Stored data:
....

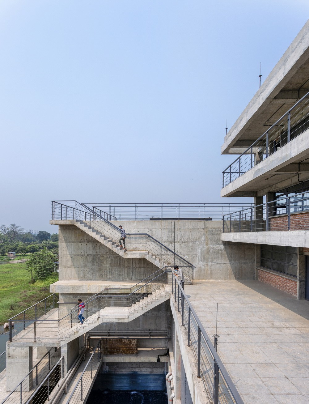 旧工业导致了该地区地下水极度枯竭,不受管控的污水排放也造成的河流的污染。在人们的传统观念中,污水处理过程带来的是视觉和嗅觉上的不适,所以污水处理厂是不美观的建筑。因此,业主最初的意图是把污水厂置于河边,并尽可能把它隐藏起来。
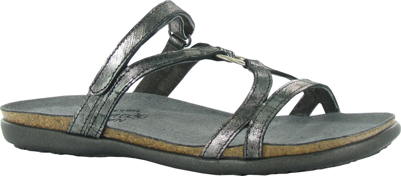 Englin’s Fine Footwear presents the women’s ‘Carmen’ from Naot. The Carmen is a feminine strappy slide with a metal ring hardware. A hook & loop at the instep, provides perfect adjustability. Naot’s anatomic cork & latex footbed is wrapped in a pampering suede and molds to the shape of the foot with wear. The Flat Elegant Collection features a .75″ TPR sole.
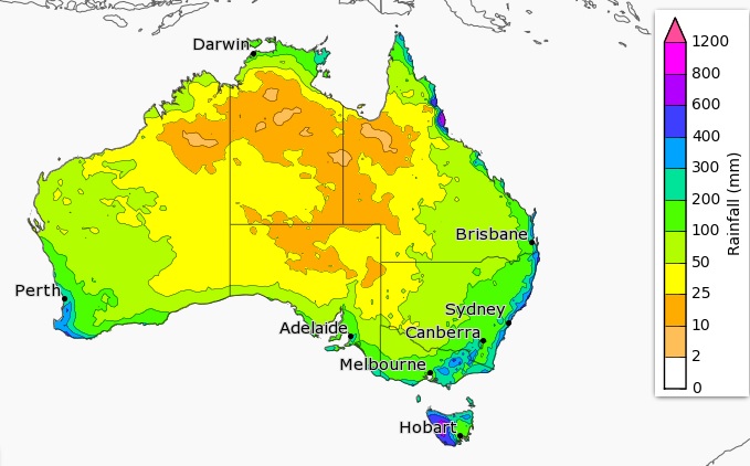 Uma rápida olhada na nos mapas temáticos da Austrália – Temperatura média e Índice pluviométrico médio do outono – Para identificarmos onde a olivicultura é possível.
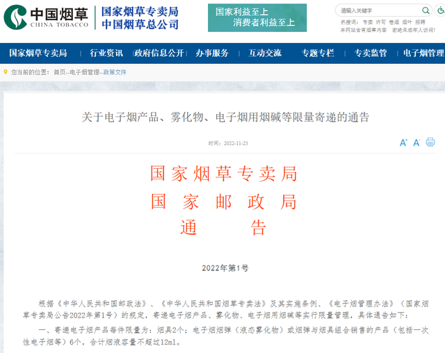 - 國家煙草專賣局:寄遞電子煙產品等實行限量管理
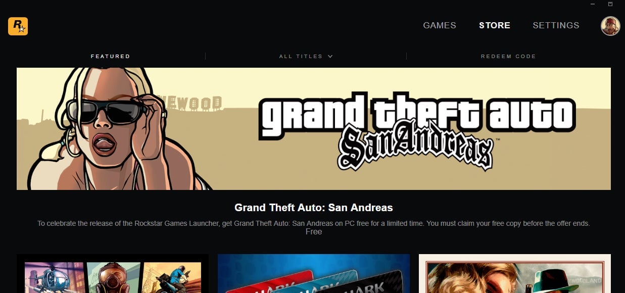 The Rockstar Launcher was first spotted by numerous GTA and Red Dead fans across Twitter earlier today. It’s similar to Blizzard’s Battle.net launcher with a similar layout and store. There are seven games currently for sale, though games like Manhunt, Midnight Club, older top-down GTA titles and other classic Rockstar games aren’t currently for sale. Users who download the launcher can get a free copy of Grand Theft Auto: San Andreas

....

WORK ORDER: Print the entries above exactly, taking out only the pictures.

OUTPUT OF THE EXERCISE:
 旧工业导致了该地区地下水极度枯竭,不受管控的污水排放也造成的河流的污染。在人们的传统观念中,污水处理过程带来的是视觉和嗅觉上的不适,所以污水处理厂是不美观的建筑。因此,业主最初的意图是把污水厂置于河边,并尽可能把它隐藏起来。
 Englin’s Fine Footwear presents the women’s ‘Carmen’ from Naot. The Carmen is a feminine strappy slide with a metal ring hardware. A hook & loop at the instep, provides perfect adjustability. Naot’s anatomic cork & latex footbed is wrapped in a pampering suede and molds to the shape of the foot with wear. The Flat Elegant Collection features a .75″ TPR sole.
 Uma rápida olhada na nos mapas temáticos da Austrália – Temperatura média e Índice pluviométrico médio do outono – Para identificarmos onde a olivicultura é possível.
 - 國家煙草專賣局:寄遞電子煙產品等實行限量管理
 The Rockstar Launcher was first spotted by numerous GTA and Red Dead fans across Twitter earlier today. It’s similar to Blizzard’s Battle.net launcher with a similar layout and store. There are seven games currently for sale, though games like Manhunt, Midnight Club, older top-down GTA titles and other classic Rockstar games aren’t currently for sale. Users who download the launcher can get a free copy of Grand Theft Auto: San Andreas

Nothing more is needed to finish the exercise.